I have worn anger as pin of pride, something I own, especially as a woman.
”If you’re not angry, you’re not paying attention.” has resonated deeply with me for a very long time. A lack of anger sometimes comes off to me as dispassionate or even ignorant.
I found out as part of my mental health journey that in many ways anger has been a mask hiding deep sadness or embarrassment. It is far easier for me to be mad than to be heartbroken. I lost some of my anger when I allowed myself to be sad.
Anger is also one of my best indicators of what matters to me, what I’m willing to fight for, ESPECIALLY now that I know how to regulate myself. For me, emotional regulation has given me the tools not to “manage” anger, but to peel reactivity and nervous system dysregulation off of of my anger and then to separate frustration from rage. Regulation gives me command of my anger and the ability to DO something with it besides scream (or in addition to screaming). Emotional regulation isn’t removing emotions. No one’s trying to pretend we’re just not angry at anything anymore. That’s not called emotional regulation, that’s called lying.
I’ve noticed how many caveats I’ve felt like I needed as I was writing about anger. Anger is complicated! In breakups, anger is mixed up with heartbreak and embarrassment. In building ExtendPUA.org, it was mixed up with terror and also… heartbreak. Is anger always part of a complicated soup? Is it the main ingredient? Or are all of these other emotions the ingredients to a soup called anger?
Technically, some light research calls anger a core or basic emotion.
Number Five: COMMUNITY
A friend of mine shared slides from this post
in his Instagram story yesterday, after also sharing a really vulnerable and wonderful piece he wrote about his life. That piece was one of the main catalysts for my brain kicking around the life-without-the-pandemic wonderings of Number Four.
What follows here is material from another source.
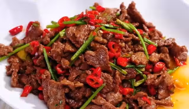 用料:牛裡脊500克、香菜梗100克、小米椒20克、雞蛋清10克、蔥10克、姜10克、青蒜15克、鹽10克、味精10克、白糖10克、蚝油10克、老抽5克、料酒20克、澱粉20克

If you’re not able to see the post, here are two of my favorite quotations from it:
“I would hurl words into the darkness and wait for an echo, and if an echo sounded, no matter how faintly, I would send other words to tell, to march, to fight, to create a sense of the hunger for life than gnaws in us all” - Richard Wright
“Don’t succumb to the sinister tradition of isolating yourself - as you witness and greive mass death - as you resist the tyrants of this world. They want you lonely. Who can be trusted to hold you? Stay close.” - @blackliturgies on Instagram
I have been hoarding my words for a long a time. I don’t know what I expected when I finally hurled them out, but the feeling I get every second I hear the faintest echo back is profound. It is spiritual. It is magic. It is the most deeply human experience I have ever known. The smallest whisper holds a megaphone to my heart. My body feels like it belongs in this world. I’ve found my church.
Thank you all for holding me. And sharing with me.
This space doesn’t have to be a one way mirror. I’d love to see you too if you want to be seen.
Either way, I’m so glad you’re here for this revolution of closeness.
Dang it, I don’t know how to write short posts. And now I’m making Hello Fresh enchiladas at 930pm, promising to give this a proofread and send tomorrow.
Work got crazy and I was so disappointed not to be able to proof and send. So NOW here I am at 10:10pm the next evening, pushing the hour I allowed myself to spend here tonight, but also pushing send (scheduled for morning). I love you all. Come play in the comments if you have thoughts.
The video on anger from @headonfirepod: https://www.instagram.com/reel/CzT-7VarzQ0/?igshid=MTh5bnYyMXZyMW5qaw==
Read this first thing in the morning, in the dark, after greeting my cat. I loved reading every part of this. Can relate to many of these thoughts, and you word it so well. Love the little dog too . Thank you for sharing - with the pictures and your friend’s quotes.